Are you really new to two-factor authentication? I don't know many people who are. The three factors are:
1. something you know: typically a passcode or password (sometimes there are multiple password layers, so many things are 1 factor two times)
2. something you have: a FOB or in this case your smartphone to either receive a text message, or in the case of Authentication app, a generated code.
3. something you are: biometrics like your fingerprint, retinal scans, facial recognition

Two factor authentication (or in some instances: 2-Step Verification although some argue that they are not synonymous), operationally they're the same. But two factor authentication is using two of the above, not two of one factor. The argument is that if you receive a code, then it's still something you know but it really isn't. Do you know your code now? I don't think so.

I'm fairly sure (I'm actually willing to wager) you've used this "technology" before. Consider using an ATM, you insert/scan your card (something you have) then you enter in your PIN (something you know). You are not new to two factor authentication.

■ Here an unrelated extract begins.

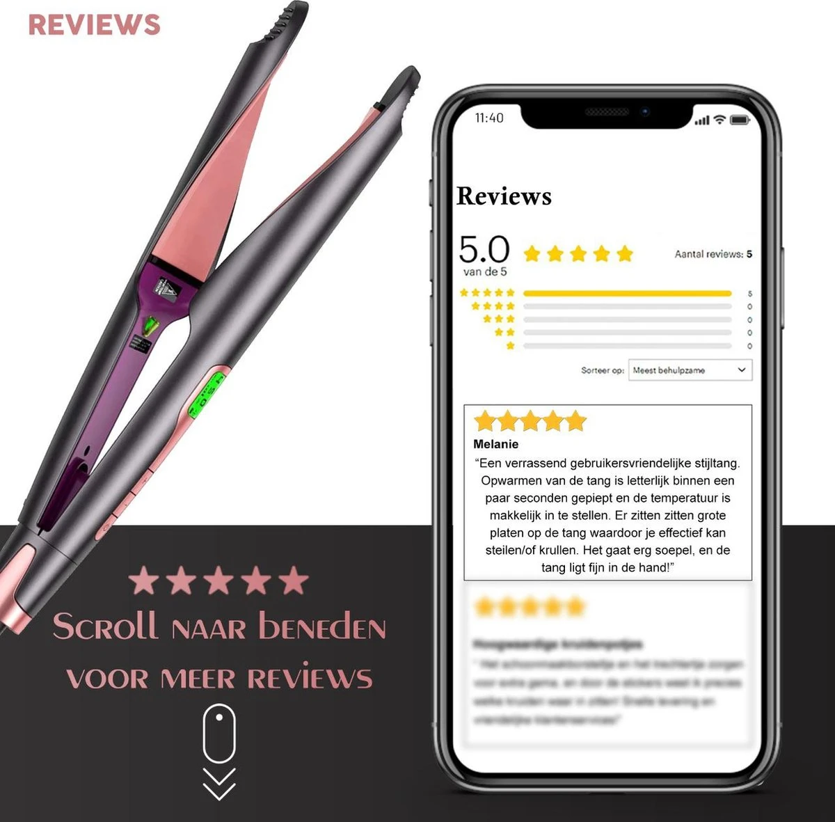 Druk vandaag nog op ‘in winkelwagen’ en ontvang je Nisha & Me stijl- en krultang snel in huis!

Two factor authentication uses two different "passwords" - one is typically static (one half of a username / password pair) while the other is dynamic or single-use (OTP: One-Time Password). SecurID, Symantec VIP, and other token-based systems use a series of "components" to make up a mathematical formula and the token passcode is one part of the changing formula (time is the other). In the case of your ATM PIN, that is not only NOT a dynamic password, but it is a one-way hash algorithm. There is a unique string of characters on your ATM card that, when 'hashed' with your PIN, will produce another unique string of characters. The bank keeps a copy of both strings but not your PIN. When you enter the card into the machine, and then type in your PIN, the PIN is used at the ATM to create a possible "second string" which is then compared to the ACTUAL string retrieved from your bank. If it matches, the PIN must have been correct.

When you change your PIN, the bank re-hashes the first string to create a new second string and then stores it.

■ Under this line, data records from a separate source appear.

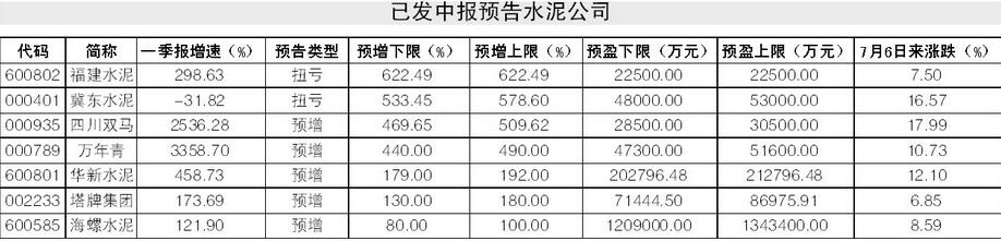 而據(jù)Wind統(tǒng)計顯示,申萬水泥行業(yè)18家水泥A股公司中,7家已發(fā)中報預告,全部預增或扭虧,預增下限最低的也有80%,其余6家超過100%,數(shù)倍增長公司過半。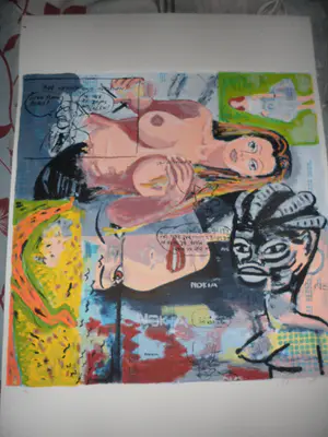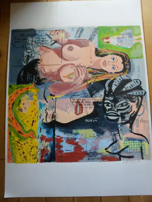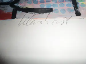 Deze zeefdruk, bestaande uit 30 drukgangen, kun je draaien en aan willekeurige zijde ophangen. Het is een leuk en blijvend schouwspel! Wordt weinig aangeboden...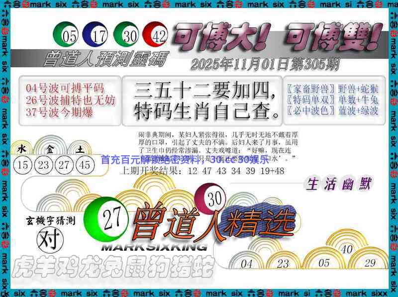 305期:男女二肖【男肖+蛇兔】开:鼠42准
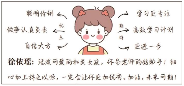 “周家有女名澜依,其人才女风范,大气胸怀,学业人品俱佳,实属典范也。澜依,勤学善思,成绩优异。单元练习,常能拔得头筹。愿君携既有之良品,逐前程之才学,成非凡之自我。”

So, the ATM PIN is not really a good example of two factor authentication because the second "factor" (the PIN) is not dynamic and is not directly used in the actual authentication.

Two-step authentication is absolutely two-factor is one of the steps involves using something that is dynamic.

Cr00zng
07-29-2016, 09:22 AM
Is dynamic second factor is better than static? Certainly, but ATM card is still two factor authentication, a.i. "what you know and what you have".

OTP based two factor authentication flips how ATM card authenticate. Basically the token based system makes what the bank does portable, dynamically provides a string of characters that required for authentication, together with UID/PWD. Not having either components of "what you know or what you have" will result in authentication failure for both ATM and token based system.

In some respect, the code texted to the cell phones represent a dynamic two factor authentication system as well. This system just bypasses the expensive token based authentication vendors, at least for the end users...

Ember1205
07-30-2016, 09:19 AM
I still hold that a PIN for use with an ATM card is not two factor.

The "username" is your account number, and the only way to enter that is by inserting the card. The PIN is the "password". That combines to form one factor.